WorldScape adopts an asymmetric distillation architecture based on Self Forcing:
- First, train a complete, unified, interactive, and controllable bidirectional attention diffusion model;
- Then apply distribution matching distillation to distill it into a causal autoregressive diffusion model that generates on a per-video chunk basis;
- By autoregressive denoising based on sliding windows, the strict causality of Self Forcing is weakened, allowing different chunks to attend to each other during the denoising process, thereby making the camera motion at the junctions of different chunks smoother.
Performance
WorldScape's experimental design revolves around the four core capabilities of the "Interactive World Model":
- Visual Quality (Visual Quality)
- Interactivity (Accuracy of Interactive Response)
- Spatial & Long-Horizon Consistency (Spatial and Long-Horizon Consistency)
- Real-Time Capability (Real-Time Generation Capability)
WorldScape does not pursue optimization in a single metric but emphasizes the balance and collaborative optimization of multi-dimensional capabilities.
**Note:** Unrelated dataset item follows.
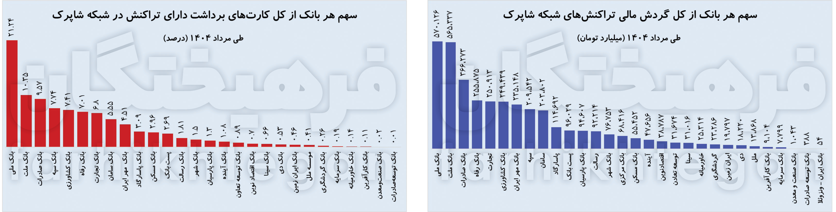 بررسی تازهترین آمارهای گزارش شبکه شاپرک از گردش مالی شبکه بانکی کشور در مرداد ۱۴۰۴ نشان میدهد بانکهای بزرگ دولتی همچنان سهم غالب را در تراکنشهای مالی کشور حفظ کردهاند. طبق این گزارش، بیش از ۵۷۰ هزار میلیارد تومان از تراکنشهای شبکه شاپرک مربوط به بانک ملی بوده و این بانک در صدر قرار دارد و پس از آن بانک ملت با حدود ۵۶۵ هزار میلیارد تومان در جایگاه دوم ایستاده است. این دو بانک رویهم نزدیک به نیمی از کل گردش مالی شبکه شاپرک را در مردادماه ۱۴۰۴ به خود اختصاص دادهاند. در رتبههای بعدی، بانک صادرات ایران با گردش ۳۶۶ هزار میلیارد تومان، بانک رفاه کارگران با ۲۵۵ هزار میلیارد تومان و بانک تجارت با رقمی مشابه قرار گرفتهاند. بانک کشاورزی و بانک قرضالحسنه مهر ایران نیز به ترتیب با گردش مالی ۲۵۰ و ۲۳۵ همتی نقش پررنگی در جابهجایی منابع مالی ایفا کردهاند. از میان بانکهای خصوصی و نیمهخصوصی، نامهایی چون سامان و پاسارگاد با گردشهای مالی ۲۰۳ و ۱۱۳ هزار میلیارد تومانی قابل توجه است؛ هرچند فاصله آنها با بانکهای دولتی بسیار زیاد است. همچنین، بانکهای کوچکتری مانند رسالت، شهر و پارسیان گردشهایی در حدود ۷۶ تا ۹۶ میلیارد تومان در ماه قبل ثبت کردهاند. بانک مرکزی نیز گردش مالی حدود ۶۸ میلیارد تومان در مردادماه داشته است. بانکهای سرمایه، کارآفرین و مؤسسه اعتباری ملل نیز کمترین گردشهای مالی را در ماه قبل داشتهاند که به ترتیب ۸، ۹ و ۱۳.۶ میلیارد تومان بوده است. در نهایت، بانکهای توسعهای مانند بانک صنعت و معدن، بانک توسعه صادرات ایران و بانک مشترک ایران-ونزوئلا با گردشهای بهترتیب حدود هزار، ۳۸۸ و ۵۴ میلیارد تومان، کمترین سهم را از گردش مالی در مردادماه به خود اختصاص دادهاند.

Experimental results show that WorldScape achieves balanced leadership across multiple key dimensions, including visual quality, interactive response, 3D spatial consistency, long-term memory capabilities, and single-card real-time pixel throughput rate for generation, emerging as a general world model that simultaneously reaches an advanced level in the four aspects of "high quality + interactive + memorable + real-time".
Demos and Cases
Conclusion
The WorldScape model breaks through the limitations of existing work in terms of generality, real-time performance, etc. Through a spatial consistency-enhanced autoregressive distillation framework, it is compatible with different types of action injection modules, ensuring high interaction efficiency while maintaining stable action following capabilities, and is expected to become the spatial intelligence foundation for supporting general embodied agents.